Judul: Selamat Menunaikan Ibadah Puisi
Penyusun: Joko Pinurbo
Cetakan: Juni, 2016
Tebal: 212 hlm
Penerbit: Gramedia Pustaka Utama
Baca di: Scoop
Membaca puisi-puisi Jok
Pin adalah membaca keistimewaan dalam kesederhanaan. Tanpa kata-kata
tinggi yang tak tersentuh awam, Jok Pin selalu berhasil membuai pembaca
lewat puisi-puisinya yang bercerita. Ini masih ditambah dengan permainan
bunyi-bunyian dalam kata-kata pilihan, menjadikan deretan kata-kata
biasa terasa lebih istimewa lewat puisi-puisinya. Kelebihan ini masih
ditambah dengan ending yang seperti mempermainkan pembaca, tetapi
dengan cara yang menyenangkan. Rasanya, selalu ada yang layak ditunggu
di bagian penghujung puisi-puisinya.
Masa kecil kaurayakan dengan membaca,
Kapalamu berambutkan kata-kata
Pernah aku bertanya, "Kenapa waktumu
kausia-siakan dengan membaca?" Kaujawab ringan.
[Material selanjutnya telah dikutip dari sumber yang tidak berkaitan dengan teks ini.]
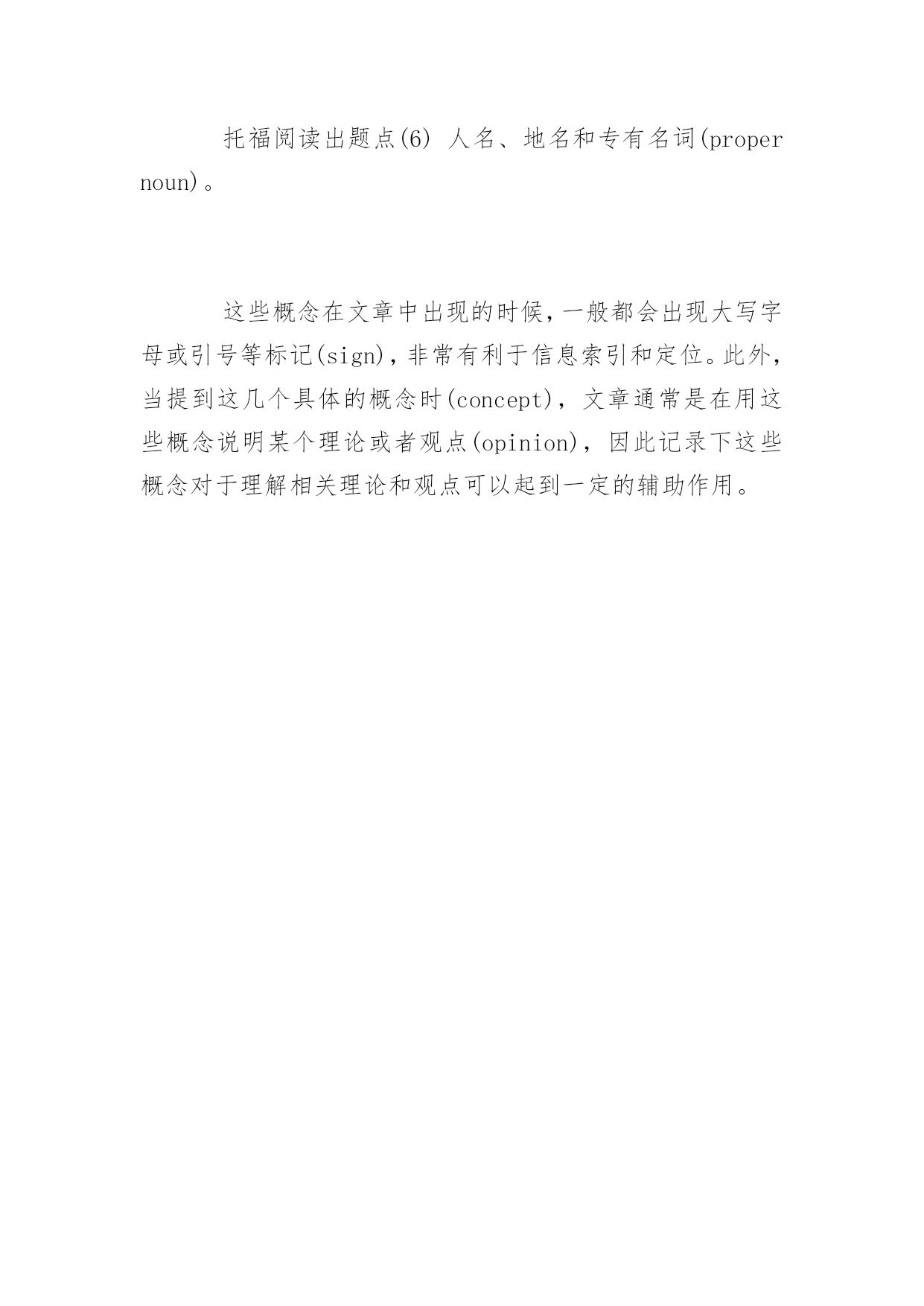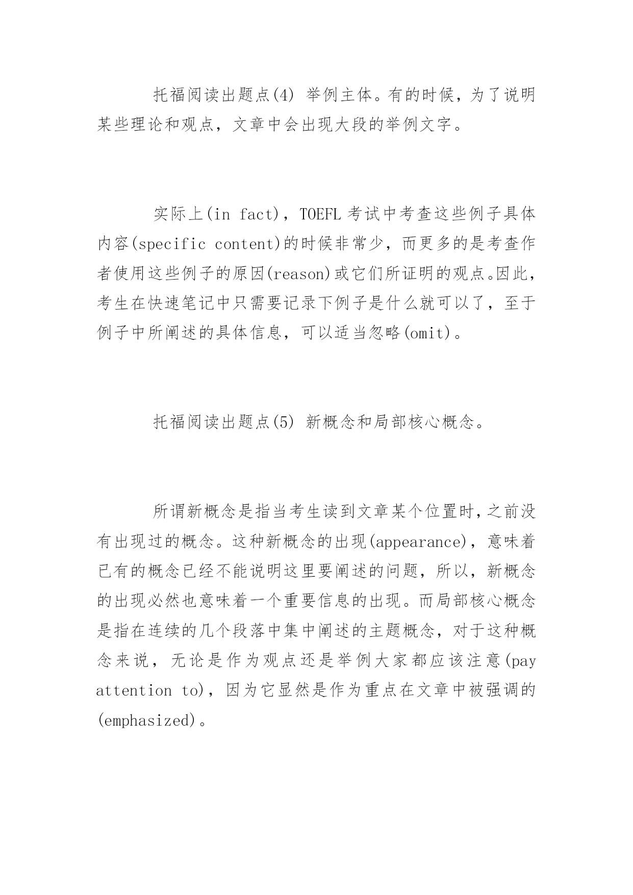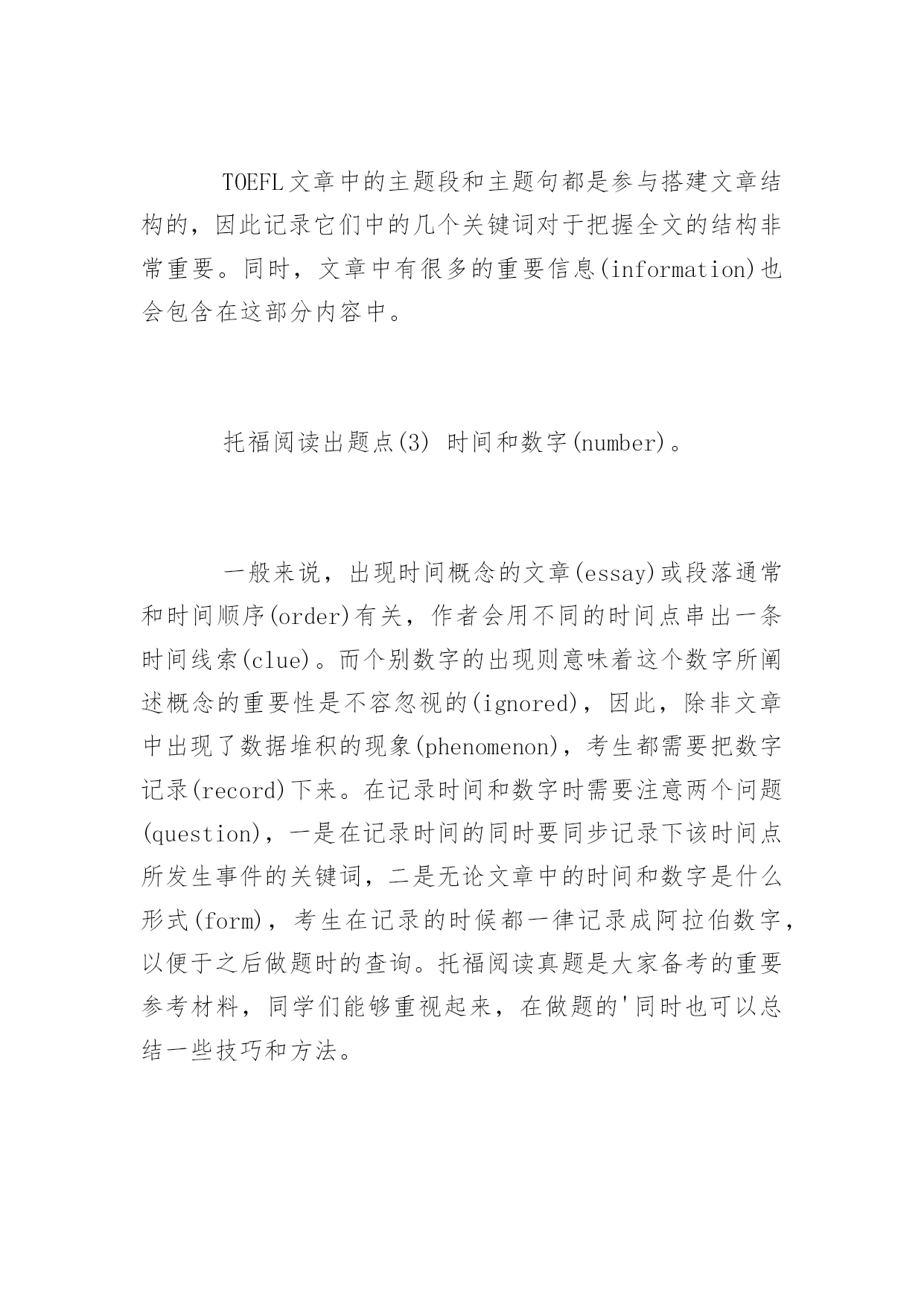 托福阅读出题点总结 2016托福阅读出题点总结 TOEFL的阅读量非常大,一般的中国考生根本无法把文章全部读完,所谓的扫读法、跳读法和略读法也只能适用于少数类型的文章,根本不能解决本质(essence)问题。那么,文章到底应该怎么读法呢?以下是yjbys网小编整理的关于托福阅读出题点总结,供大家参考。 托福阅读出题点(1)重要的逻辑关系(relation)。 很多考生在阅读文章的时候只注意到了文章所阐述的重要内容,但是忽略了信息之间的逻辑关系,因而对信息关联理解不准确(incorrect),这也是一种严重的错误(mistake)。因此,在阅读过程中记录下信息之间所产生的逻辑关系可以避免(avoid)考生丢失信息之间的关联信息。 托福阅读出题点(2)主题段和主题句的关键词(keywords)。 TOEFL文章中的主题段和主题句都是参与搭建文章结构的,因此记录它们中的几个关键词对于把握全文的结构非常重要。同时,文章中有很多的重要信息(information)也会包含在这部分内容中。 托福阅读出题点(3)时间和数字(number)。 一般来说,出现时间概念的文章(essay)或段落通常和时间顺序(order)有关,作者会用不同的时间点串出一条时间线索(clue)。而个别数字的出现则意味着这个数字所阐述概念的重要性是不容忽视的(ignored),因此,除非文章中出现了数据堆积的现象(phenomenon),考生都需要把数字记录(record)下来。在记录时间和数字时需要注意两个问题(question),一是在记录时间的同时要同步记录下该时间点所发生事件的关键词,二是无论文章中的时间和数字是什么形式(form),考生在记录的时候都一律记录成阿拉伯数字,以便于之后做题时的查询。托福阅读真题是大家备考的重要参考材料,同学们能够重视起来,在做题的'同时也可以总结一些技巧和方法。 托福阅读出题点(4)举例主体。有的时候,为了说明某些理论和观点,文章中会出现大段的举例文字。 实际上(infact),TOEFL考试中考查这些例子具体内容(specificcontent)的时候非常少,而更多的是考查作者使用这些例子的原因(reason)或它们所证明的观点。因此,考生在快速笔记中只需要记录下例子是什么就可以了,至于例子中所阐述的具体信息,可以适当忽略(omit)。 托福阅读出题点(5)新概念和局部核心概念。 所谓新概念是指当考生读到文章某个位置时,之前没有出现过的概念。这种新概念的出现(appearance),意味着已有的概念已经不能说明这里要阐述的问题,所以,新概念的出现必然也意味着一个重要信息的出现。而局部核心概念是指在连续的几个段落中集中阐述的主题概念,对于这种概念来说,无论是作为观点还是举例大家都应该注意(payattentionto),因为它显然是作为重点在文章中被强调的(emphasized)。 托福阅读出题点(6)人名、地名和专有名词(propernoun)。 这些概念在文章中出现的时候,一般都会出现大写字母或引号等标记(sign),非常有利于信息索引和定位。此外,当提到这几个具体的概念时(concept),文章通常是在用这些概念说明某个理论或者观点(opinion),因此记录下这些概念对于理解相关理论和观点可以起到一定的辅助作用。
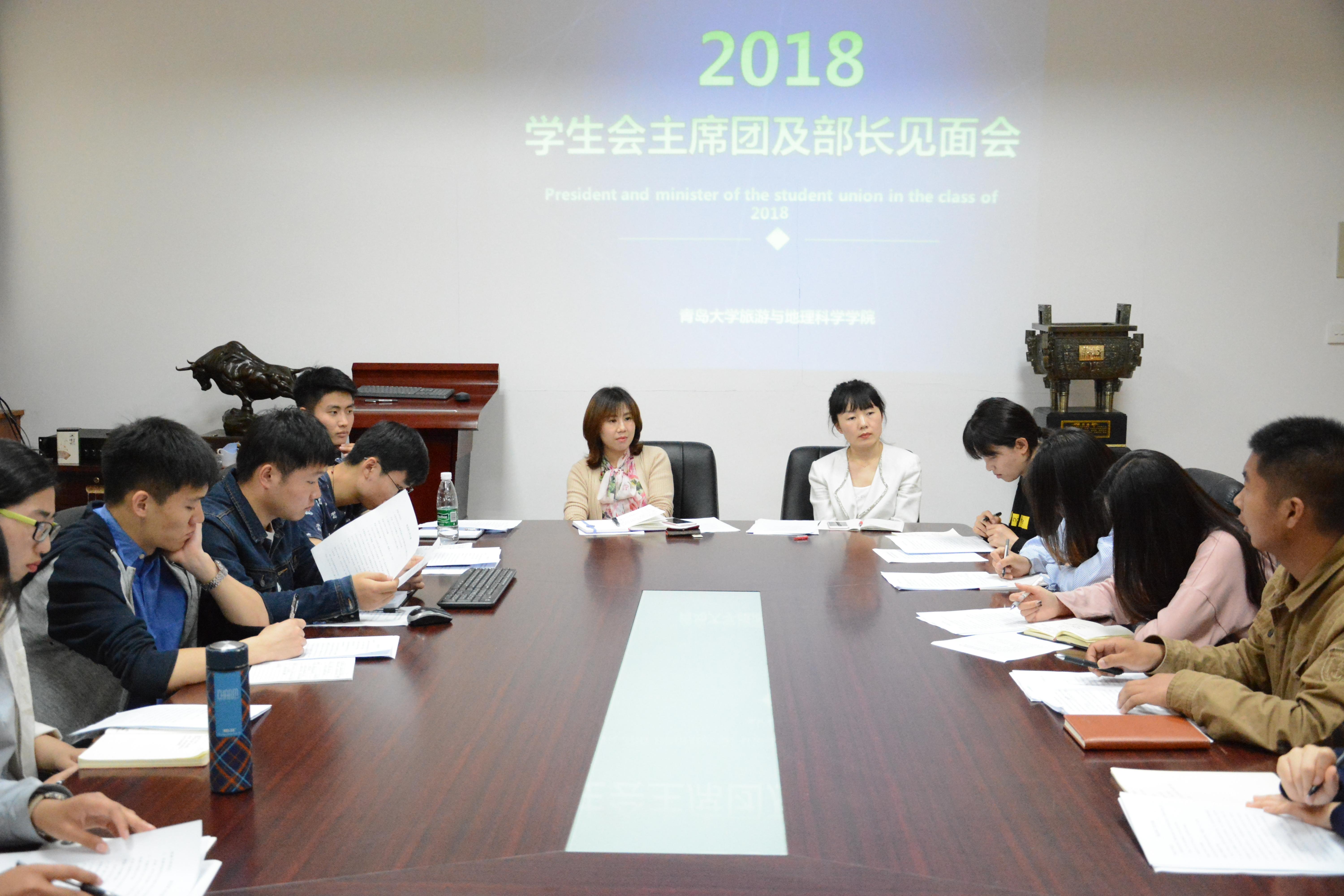 5月23日,SJB世俱杯官方网站新一届学生会主席团及部长见面会于SJB世俱杯官方网站浮山校区睿思楼122室举行。院党委副书记于苗、团委书记韦辉、新一届学生会主席团及部长参加了本次见面会。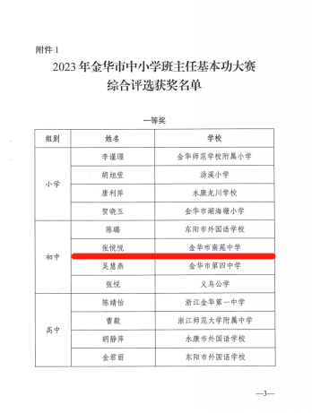 恭喜永利娱城app2016届英语(师范)专业校友张悦悦荣获金华市中小学班主任基本功大赛一等奖!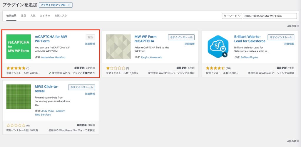 「reCAPTCHA for MW WP Form」プラグインを追加します。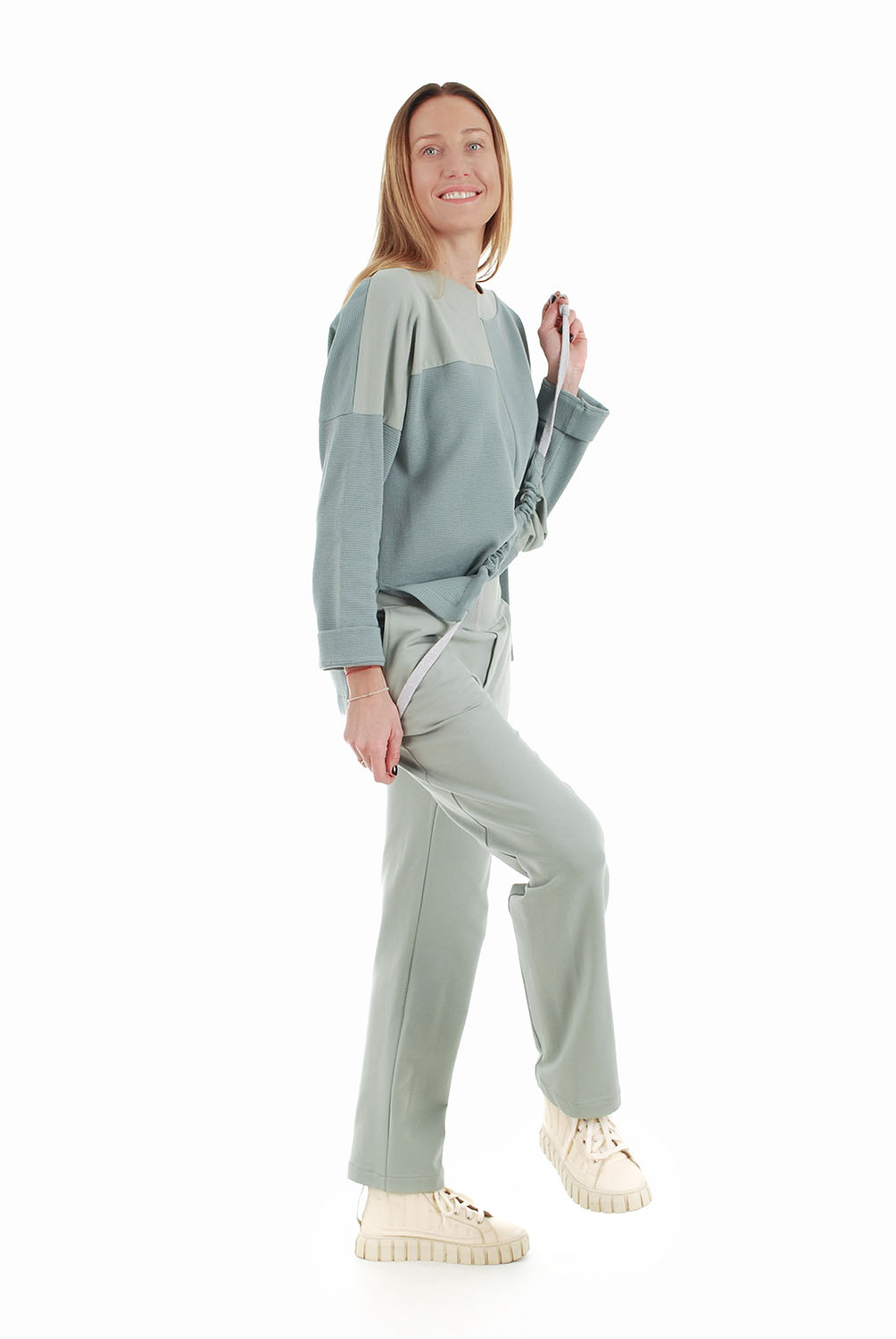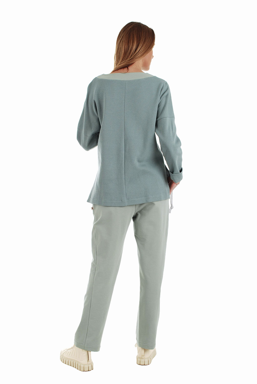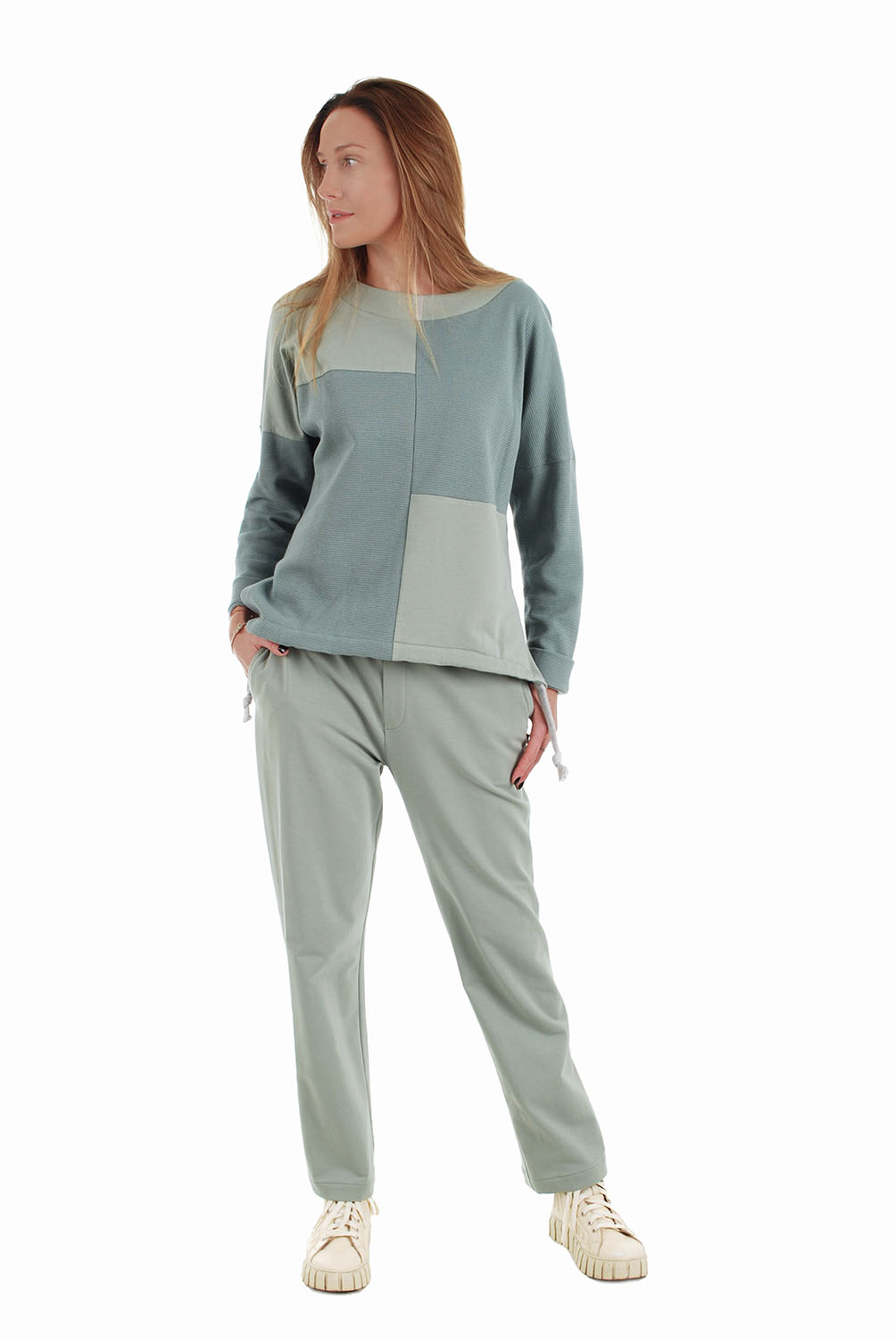 Stilingos laisvalaikio kelnės iš organinės medvilnės su elastanu. Tai ekologiškas medžiagos pasirinkimas. Tamprios, elastingu juosmeniu – nevaržo judesių.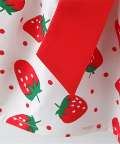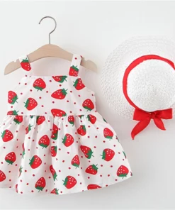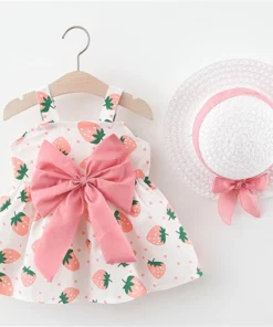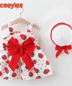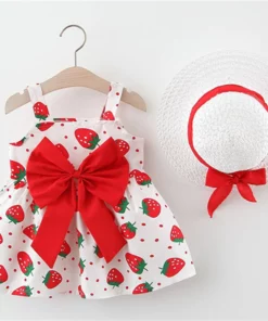 Summer Baby Girl’s Dress Small Round Dot Strawberry Print Chest Bow Daily Casual Dress with Hat

"Karena aku ingin belajar membaca sebutir kata
yang memecahkan diri menjadi tetes air hujan
yang tak terhingga banyaknya."
Kau memang suka menyimak hujan.
Bahkan dalam kepalamu ada hujan
yang meracau sepanjang malam
Itulah sebabnya, kalau aku pergi belanja
dan bertanya minta oleh-oleh apa, kau cuma bilang
"Kasih saja saya beragam bacaan, yang serius
maupun yang ringan. Jangan bawakan saya
rencana-rencana besar masa depan.
Jangan bawakan saya kecemasan."
(Surat Malam untuk Paska)
Tema-tema puisinya awam dan lugas, tetapi ada kecenderungan Jok Pin menggunakan satu tema besar dalam puisi-puisinya. Di antaranya celana, hujan, dan buku. Penyair ini sepertinya tetap konsisten menampilkan permainan bunyi dari kata-kata sederhana, alih-alih menggunakan kata-kata kaya akan metafora sebagaimana banyak dipakai penyair-penyair eara kekinian. Prinsip 'puisi yang berbunyi' sebisa mungkin dipertahankan, meskipun akhirnya hanya berujung pada perulangan penggunaan kata-kata yang pendek dan sederhana.
Selamat ulang tahun, buku. Anggap saja
aku kekasih atau pacar malangmu.
Selamat panjang umur, cetak ulang selalu.
(Selamat Ulang Tahun Buku)
Walau begitu, tidak kemudian puisi-puisi ini jadi semacam larik-larik pasaran. Tidak sekadar berlagu, Jok Pin mempertahankan elemen "puisi yang bercerita" dengan sedikit pengaruh cerpen yang ditandai pada ending mengejutkan di larik paling belakang. Seperti pada puisi 'Dengan Kata Lain' di halaman 126 yang berkisah tentang seorang aku yang baru pulang ke kampung halaman. Keluar dari stasiun, si aku lalu mencari tukang ojek untuk mengantarnya pulang ke rumah. Tak disangka, tukang ojek itu adalah mantan gurunya dulu. Sesampai di rumah, di tukang ojek keburu berlalu padahal si aku belum sempat membayar ongkos ojeknya. Si aku bingung, pembaca juga penasaran. Kemudian, perhatikan bait terakhir di puisi ini:
Tak ada angin, tak ada hujan, Ayah tiba-tiba
bangkit berdiri dan berseru, "Dengan kata lain,
kamu tak akan pernah bisa membayar gurumu."
Masih banyak lagi puisi-puisi seru di buku ini. Seluruhnya bisa dibaca sambil lalu, atau dinikmati pelan-pelan satu-per-satu. Sambil menikmatinya pelan-pelan,
membaca puisi-puisi di buku ini adalah hiburan yang menyenangkan, sama
sekali tidak memberatkan. Jika pun ada beberapa puisi di buku ini yang
terlampau panjang sehingga menjenuhkan, atau sedikit berisi sehingga
memusingkan, cukup dinikmati dulu saja. Semoga selalu masih ada nanti
ketika kita bisa menenggoknya kembali.